San Diego shows promise as homeland security incubator

Published 29 September 2006

Local companies take advantage of proximity to high education; Daylight Solutions offers a hand held trace explosive detector that relies on lasers; Seacoast Science “volitaile organic chemical detector” identifies sarin, acetone, and other deadly chemicals

Sunny San Diego is known for its beaches, expensive housing, and disgraced congressman Randy Cunningham. Lesser known in the region’s growing homeland security industry, a natural fit for a city just a few miles from both the Mexican border and the critical ports of Long Beach and Los Angeles. Bolstered by a large number of nearby universities, the region is now home to the Center for Commercialization of Advanced Technology, Southern California, an academic, industry, and government partnership funded by the Pentagon and administered by the state universities at San Diego and San Bernardino. The result is a number of small companies hoping to make it big in the security market. We take a look at a two promising comers:

BULLET POINTS

Daylight Solutions, an expert in expert in tunable, mid-IR lasers, offers a hand-held laser trace explosive detection system that measures the reaction of molecules to laser light. The device resembled metal detection wands and would be deployed to airports and other sensitive areas to prevent bomb attacks. It can even detect “molecules of interest” in a bottle of water. This downsized approach to trace explosives may be just the thing to replace the bulky, unreliable puffer machines much in the news these days, especially if it can handle liquid explosives as well. Of course, an all-in-one metal detector/trace explosives detector wand would be even better, but that may be asking too much of this Poway, California-based company. Tim Day, Daylight Solutions’ chief executive, said that demand for the wands could be as many as 10,000 units per year, at an esimated cost of about $1,000 per unit.

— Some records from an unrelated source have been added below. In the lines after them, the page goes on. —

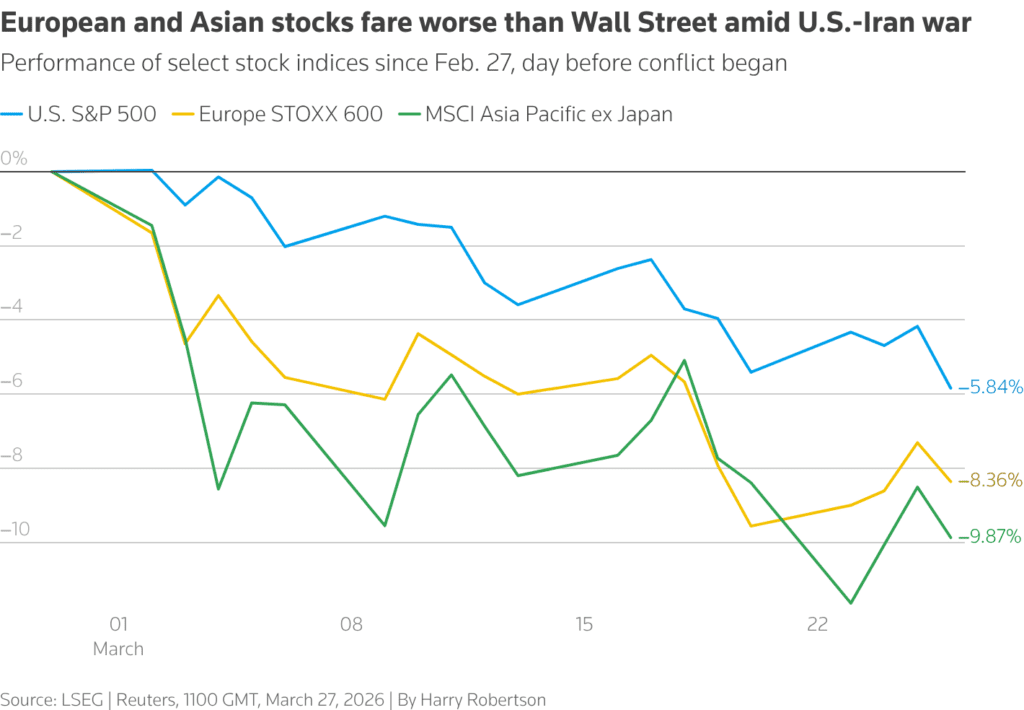 The continued selloff reflects a market increasingly dominated by geopolitical risk, as investors struggle to find clarity on how the Iran conflict will evolve.
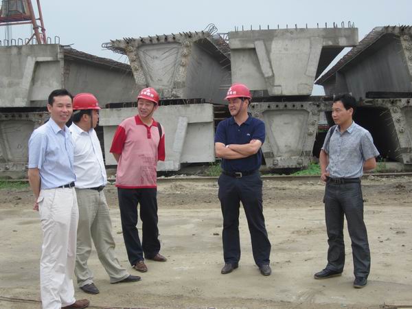 在泗泗01標,戴總一行首先在項目部會議室聽取了由項目經(jīng)理江仲明所做的關(guān)于泗泗01標工程建設、施工進度、安全文明建設、規(guī)范化管理等方面的詳細匯報。在聽取匯報過程中,戴總等領導就安全管理、文明施工、標準化工地建設方面與項目經(jīng)理及總工進行了深入的交流,并給予了切實可行的指導意見。會后,戴總一行來到該標的預制梁場進行了實地檢查,主要對施工現(xiàn)場的蓋梁骨架、箱梁澆筑與養(yǎng)生、施工用電、施工機具、安全生產(chǎn)宣傳以及文明施工情況進行了詳細的檢查。并就該標箱梁預制所采用的后張拉技術(shù)與項目總工石懷遠進行了深層次的交流。在檢查結(jié)束后,集團領導對此次的檢查結(jié)果作了總結(jié)。戴總對該標開工以來所取得的成績,以及在質(zhì)量、安全文明施工與項目管理方面所做的工作給予了充分肯定,同時他強調(diào):安全是生產(chǎn)的保障,文明是素質(zhì)的體現(xiàn),質(zhì)量是建設的關(guān)鍵,必須以“深入貫徹安全文明生產(chǎn)”為核心,要以強化安全意識、提高安全文明素質(zhì)為著力點,切實加強安全文明示范工地建設,建設優(yōu)質(zhì)工程。
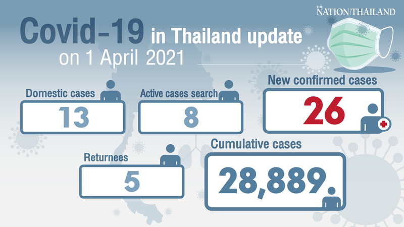 The Centre for Covid-19 Situation Administration (CCSA) on Wednesday reported 26 new cases, with 21 infections contracted locally and five brought in from overseas.

Carlsbad, California-based Seacoast Science has a name befitting the region’s marine sciences tradition, but its interest is in chemical sensor and detectors, not humpback whales. “Our biggest competition is a dog’s nose,” said Todd Milsna, Seacoast Science’s president. “That’s what we’re trying to replicate.” The company’s latest offering is a “volitaile organic chemical detector” capable of identifying mustard gas, sarin and acetone. Acetone, readers may recall, was one of the bomb components used in last summer’s London subway bombings. We wish Seacoast all possible successes, not because of any personal bias but because repeated efforts by other companies to create similar products have not lived up to expectation. “The current technology is not operationally viable,” DHS spokesman Christopher Kelley said recently. “There are shortfalls in processing speed, reliability and false alarms that need to be evaluated.”